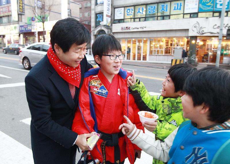 | 나상성 광명시의회 의장은 새마을운동 광명시지회 '온(溫)맵시' 캠페인이 열리고 있는 현장 찾아 새마을지도자들을 격려하고, 수족양말을 시민들에게 전달하고 있다 |
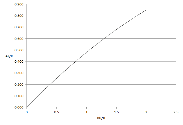 Now, can you tell us why a different state past could not produce a 1.5 ratio for Pb/U and a 0.1 ratio for Ar/K? That would be far away from the line and would falsify a same state past. So why shouldn't we see data points from real world data that falls all over that graph instead of along that line connecting the points?
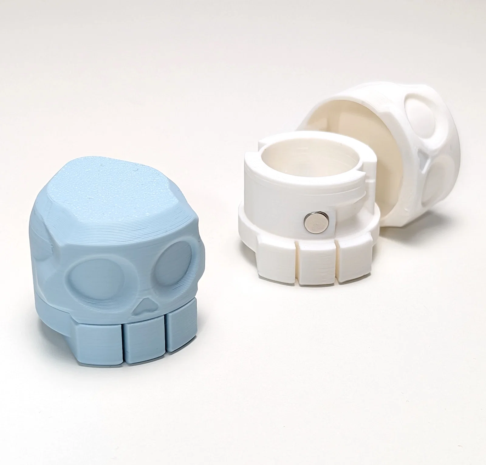 Một chiếc hộp đựng hình đầu lâu nhỏ gọn với cơ chế khóa xoay từ tính cực kỳ tiện lợi. Thiết kế không cần dùng support, dễ dàng lắp ráp và là phụ kiện trang trí bàn làm việc cực chất cho những ai yêu thích in 3D.

■ EXERCISE DETAILS: Every line above should be copied exactly, apart from any pictures.

■ RESPONSE:
 | 나상성 광명시의회 의장은 새마을운동 광명시지회 '온(溫)맵시' 캠페인이 열리고 있는 현장 찾아 새마을지도자들을 격려하고, 수족양말을 시민들에게 전달하고 있다 |
 Now, can you tell us why a different state past could not produce a 1.5 ratio for Pb/U and a 0.1 ratio for Ar/K? That would be far away from the line and would falsify a same state past. So why shouldn't we see data points from real world data that falls all over that graph instead of along that line connecting the points?
 Một chiếc hộp đựng hình đầu lâu nhỏ gọn với cơ chế khóa xoay từ tính cực kỳ tiện lợi. Thiết kế không cần dùng support, dễ dàng lắp ráp và là phụ kiện trang trí bàn làm việc cực chất cho những ai yêu thích in 3D.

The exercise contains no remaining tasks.